英彦山山伏の料理で、江戸時代以前から食卓に上ったのが豆腐です。英彦山最大の祭礼「松会(まつえ)」では遠路遥々(はるばる)参詣した檀家に英彦山の名物でもてなしました。この祭礼の内容を記録した『宣度祭礼次第』には五の膳でもてなす饗応膳が並び、その中に豆腐があり、精進料理としての饗応膳では豆腐を多彩に変化させて料理にして振舞われました。今でも「彦講」のなごりがある英彦山鷹巣高原ホテルでは佐賀の小城(おぎ)などから参詣者が訪れ、直会(なおらい)の後、英彦山神宮上宮へ参詣をする慣わしとなっています。この膳で饗応のもてなしとして鯛と豆腐、タケノコ、昆布、こんにゃくなどを煮しめた「おひら」が振舞われます。

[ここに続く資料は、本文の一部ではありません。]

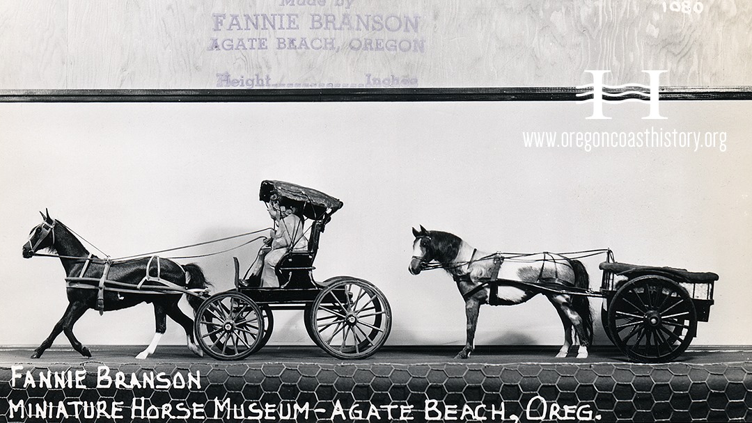 This accident didn’t slow her down. Fannie married Jay Branson in 1903 and by 1935 they were operating the nation’s first Roquefort cheese factory in Scio, Oregon. They later moved to Agate Beach where Branson started a business selling intricate miniature horses she carved by hand. They eventually opened a museum where Branson displayed her work, which in 1951 alone had over 6,000 visitors.

明治以降も豆腐は英彦山町で多く製造販売されていました。今では伊藤卓也さんの豆腐工房一軒のみが英彦山豆腐の味を守っています。前日より十二~十三℃の英彦山の湧水に一〇時間ほど漬けた大豆をすりつぶし、大釜で焚き、搾機で豆乳を絞ります。それに凝固剤のにがりなど加えて、木綿布を敷いた型枠に入れて重しを乗せ四〇~五〇分固めて切り分ける、このような昔からの製法でできた豆腐を英彦山内のホテルやなじみの顧客などに販売を続けています。豆乳の甘みと大豆の香りを引き出す英彦山の清水、英彦山ならではの豆腐をぜひ味わってもらいたいものです。
夏の冷やっこ、冬の湯豆腐、どちらにも欠かせない薬味といえば「柚ごしょう」、今や日本全国で食べられる食材ですが、英彦山が発祥とも言われています。柚子も「こしょう」となる唐辛子も山伏は薬として調合し、檀家に配っていたことから「柚ごしょう」も山伏が作ったといわれています。今から七〇年以上前に添田町落合「柚乃香本舗」の初代林光美さんが開発したものが元祖です。明治以降も英彦山の家々には柚子の木が植えられ、薬や保存食に使用していて、これをヒントに熟す前の緑色の柚子と唐辛子を使った「柚ごしょう」を考案、英彦山で営んでいた食堂「紅葉屋」で客に出したところ好評で、昭和二五(一九五〇)年に「柚乃香」として売り出しました。特に柚子の形をした陶製容器に入ったものは英彦山参りの土産として家庭の食卓には必ずと言っていいほどありました。
このように好評を得ていた「柚ごしょう」を聞きつけた第三次南極観測隊からの提供要請を受けて越冬隊にも送られました。「南極物語」タロ、ジロ奇跡の生還物語の傍らに「柚乃香」の柚ごしょうがあったことに感慨深いものがあります。